This paper presents the results of reservoir simulations for the Mauddud reservoir in the Sabiriyah field (SAMA) in Kuwait, which is a high temperature and high-salinity carbonate reservoir. The subject reservoir has been under pattern waterflood. Many wells experienced water breakthrough with considerable increase in water cut because of high reservoir heterogeneity and adverse mobility ratio. This study provides technical analysis of the viability of enhanced-oil recovery (EOR) processes; the results indicate the potential for significant improvement in recovery efficiency over continued waterflooding.
Introduction
SAMA is a giant carbonate oil reservoir covering more than 200 km 2 in northern Kuwait. Oil production began in January 1958 and continued under primary recovery until 2000. In 1998, a waterflood pilot was conducted successfully. As a result, inverted-nine-spot waterflood patterns were implemented in 2001. As of 2011, the fieldwide water cut reached approximately 30%.
Sector Model
A large sector model was developed to study field-scale fluid-flow behavior in SAMA. The first step in generating a sector model was to identify an area of interest (AOI) suitable for EOR applications. A sector geocellular model was then developed for the selected AOI with available petrophysical and geological data. A sector simulation model was obtained from the upscaling of the sector geo cellular model. The sector simulation model was calibrated with the production, pressure, and other surveillance data from the wells in the sector-model area. The history-matched model was then used to perform gas-EOR-forecast simulations.
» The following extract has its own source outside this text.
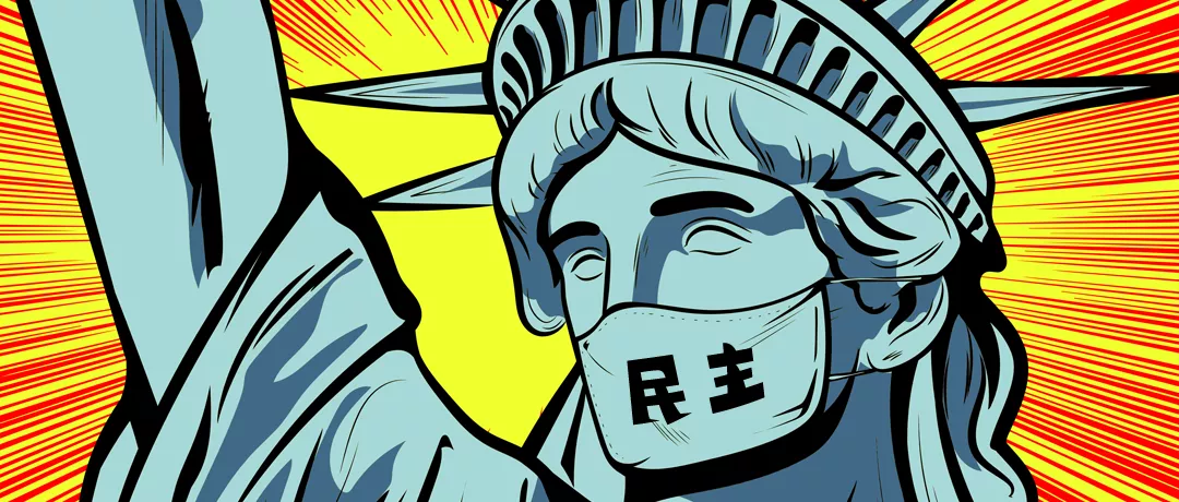 ▲美國心心念唸的“全球民主峯會”,不會成為“普世價值”的高光時刻,而將見證“美式民主”的夕陽西下。(漫畫 | 劉蕊)

Chemical-EOR Laboratory Experiments
Chemical-Fomulation Selection. A chemical formulation consisting of C28 –25PO-45EO-carboxylate as the primary surfactant and a mixture of C15–18-IOS and C 19–28 -IOS cosurfactants was selected. No cosolvent was required. Tetrasodium ethylene diaminete traacetic acid (EDTA) was used to chelate ferric ions because the reservoir core was found to contain ankerite. EDTA also tends to convert an oil-wet rock to waterwet, an added benefit because the SAMA reservoir rock is oil-wet.
Microemulsion Phase-Behavior and Coreflood Test.
The laboratory solubilization-ratio data were matched by use of the phase-behavior model in a widely used simulator to obtain the input parameters for pilot simulations. The optimum solubilization ratio shows a value of approximately 12.5. The corresponding interfacial tension (IFT) is approximately 0.002 dynes/cm, which is approximately four orders of magnitude lower than the water/oil IFT with no surfactant present.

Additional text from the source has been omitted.